Indications pour les blogeurs.euses

Les présentes recommandations ont pour objectif d’aider les blogueurs·euses à aborder ce sujet délicat de la façon la plus prudente possible, afin de renforcer l’efficacité de leur message et de réduire les risques engendrés par une communication non maîtrisée. Avant de publier vos articles, demandez-vous :

Quel est l’objectif de mon article ?

Quand on écrit au sujet du suicide, il est important de se fixer un objectif qui aide à définir les grandes lignes de l’article et à évaluer l’efficacité du message. Voici quelques exemples d’objectifs :

  • Sensibiliser le public au problème du suicide,
  • Aider les personnes en difficulté ou suicidaires,
  • Informer un public spécifique,
  • Aider les personnes endeuillées par le suicide d’un proche.

Quelques exemples d’articles :

  • Expériences personnelles qui se sont soldées par des résultats encourageants et positifs,
  • Récits de tiers mettant l’accent sur l’espoir, l’entraide et la guérison,
  • Récits qui mettent en avant les effets positifs pour un individu, un groupe ou une organisation (suicides évités),
  • Récits qui mettent en avant les ressources et les lignes d’assistance téléphonique publiques,
  • Articles qui présentent les résultats de nouvelles recherches ou des traitements prometteurs,
  • Récits qui encouragent les personnes en difficulté à se faire aider.

À éviter de préférence :

  • Actualités ou récits concernant un suicide, une série de suicides ou une méthode de suicide inhabituelle,
  • Suicides de célébrités. Les jeunes sont très influencés par les célébrités et sont susceptibles de copier leurs actes — il pourrait être intéressant de parler d’une célébrité qui a surmonté ses idéations suicidaires ou qui a survécu à une tentative de suicide,
  • Rumeurs de suicide,
  • Articles qui tentent d’associer un suicide à une cause unique (par exemple le cyberharcèlement), car on a rarement recours au suicide pour une seule raison.

Qui sont mes lecteurs ?

En général, les blogs s’adressent à un public qui, pour des raisons personnelles, s’intéresse à leur contenu. N’oubliez pas que certains de vos lecteurs sont peut-être vulnérables. Évitez de les bombarder avec trop d’informations, de données et de contenus.

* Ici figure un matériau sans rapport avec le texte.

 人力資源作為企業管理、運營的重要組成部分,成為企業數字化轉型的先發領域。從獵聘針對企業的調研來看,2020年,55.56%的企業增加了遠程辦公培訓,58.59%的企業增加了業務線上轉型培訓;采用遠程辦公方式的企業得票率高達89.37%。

  • Qui est susceptible de lire cet article ?
  • Est-ce que je m’exprime dans un langage adapté pour toucher ce public ?
  • Mes lecteurs comprendront-ils le message que j’essaie de faire passer ?

Est-ce que je veux informer mes lecteurs, les encourager à agir ou les deux ?

Vous pouvez utiliser votre blog pour informer votre public et/ou l’inciter à agir. Que pouvez-vous apprendre à vos lecteurs ou les encourager à faire ? Vous pouvez par exemple leur suggérer :

  • de se faire aider en cas de besoin,
  • d’acquérir des connaissances sur le suicide (ex. : signaux d’alarme et facteurs de risque de suicide),
  • de soutenir une cause ou une campagne spécifique.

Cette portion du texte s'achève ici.